Statistical inference, bias and big data

These days Big Data is all the rage.  As you might expect, big data describes large data sets, and more specifically, data sets that are so big that traditional analytical tools are often not sufficient to make sense of them.  Much of the big data revolution originates with the internet, mainly because the internet makes the dissemination of data cheaper and easier, but also because the internet generates big data itself.

On the surface, it might seem that bigger is always better.  Often this is probably true; for example, in experimental research designs more data means more generalizability, which means the research impact is broader, and the findings are less likely to be due to chance.  But the flip side is that big data can obscure mistakes, and make things that are unimportant seem important.  In short, everything that makes big data good at finding new and interesting discoveries is also good at finding things that are unimportant and not true.

Consider the following model:


The outcome is something of interest, for this example, life expectancy.  The true determinant is something that has a direct and real influence on the outcome–like exercise. The bias is a factor that has no real influence on the outcome–say hours spent reading the National Post–but has an apparent effect because of systematic error in the collection or analysis of data.  The random error is the sum of all other unmeasured determinants that might explain the outcome.

Random error is not really a problem provided it is independent of the other determinants of the process. Indeed, big data has an indirect way of reducing the impact of random error; generally speaking, the larger the data set, the easier it is to measure effects that are small in relation to the size of the random error.  So if exercise has a very small influence on life expectancy (and most of the variation in life expectancy is contained in the random error), with large enough data I will still be able to measure the effect of exercise on life expectancy.

Bias is the most worrisome part in the process I’ve described here.  Bias is systematic error, which means that it doesn’t just obscure effects (like random error) but misleads us by making an effect look to have a different relationship with an outcome than what is actually the case.  Specifically, it either makes an important effect look unimportant, or an unimportant effect look important.  In small data sets where the true effects are strong (such as the association between smoking and lung cancer), small biases are probably of little concern because small data sets are less likely to reveal them.  Large biases are always a concern, but careful review of methods will often catch these a priori, so they can be filtered out of research by rigorous scientific review. Small biases can become a problem in big data, however, because big data can detect small effects, particularly if researchers use ‘statistical significance’ as a benchmark for accepting or rejecting an effect as important.

To illustrate the problem, I offer the results of a computer simulation based on the model above

N bias and inference

Each line shows the change in ‘p value’ with increasing size of the data set.  P values are often used to make inferences about effects–the smaller the p value, the more likely a researcher will accept an effect as interesting (‘statistically significant’).  The x-axis is the log of data set size to help with the interpretation of the graph; a value of 5 is a data set of about 150 observations, and a value of 9 is a data set of about 9000 observations.  The colours correspond to the amount of bias–basically, a rough reference for the magnitude of systematic error.  A value of 10% is a bias with a magnitude 10% that of a true effect of interest, a value of 50% is a bias with a magnitude half that of a true effect, and the blue circles correspond to bias roughly the size of the true effect.
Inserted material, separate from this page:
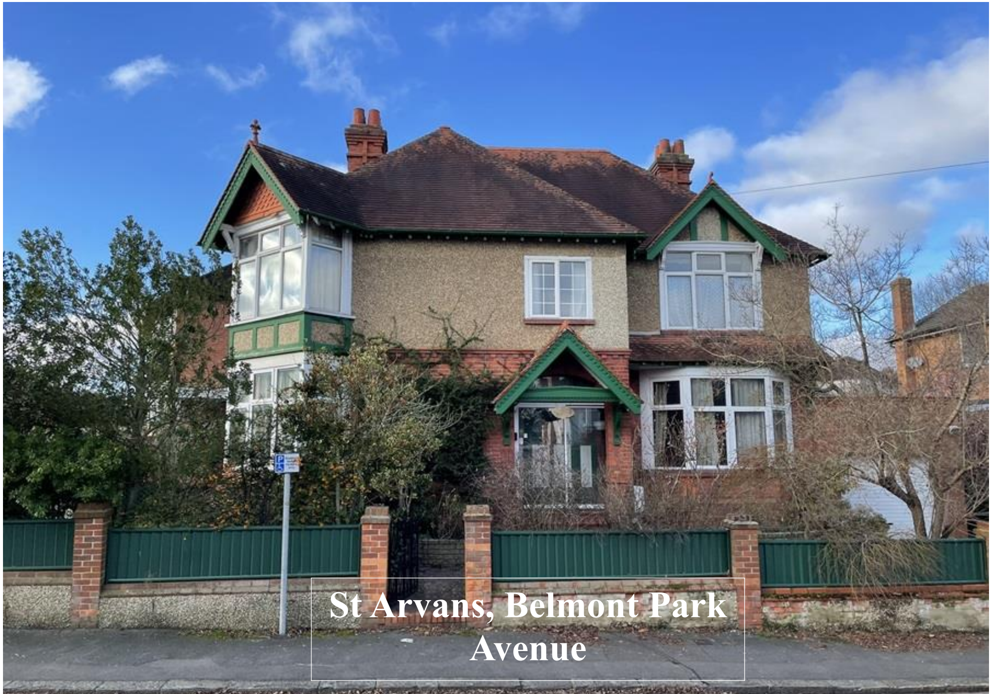
St Arvans, Belmont Park Avenue

In this simulation small errors (10% or less) are unlikely to lead to regularly spurious conclusions in data sets with less than 5 to 10 million records.  But bias of a size half that of a true effect becomes a problem once data sets get to be 5000 observations or more in size; it is at this point that p values get to be well below the 0.05 threshold that some researchers use to determine importance of an effect.

This simulation isn’t terribly generalizable, but it clearly illustrates the (very predictable) point that big data is better at finding effects–both real ones, and systematic errors–than small data.  It is hard to comment about the scope of the problem in practice, but it is enough of a problem that some applied statisticians have questioned the value of ‘statistical significance’ in the era of big data.  There are various solutions to the problem, but my preferred option is to focus on effect size; for large data sets assume that all measures are ‘significant’, but then describe the importance of the effects with respect to magnitude.  I will discuss some examples of this in future posts.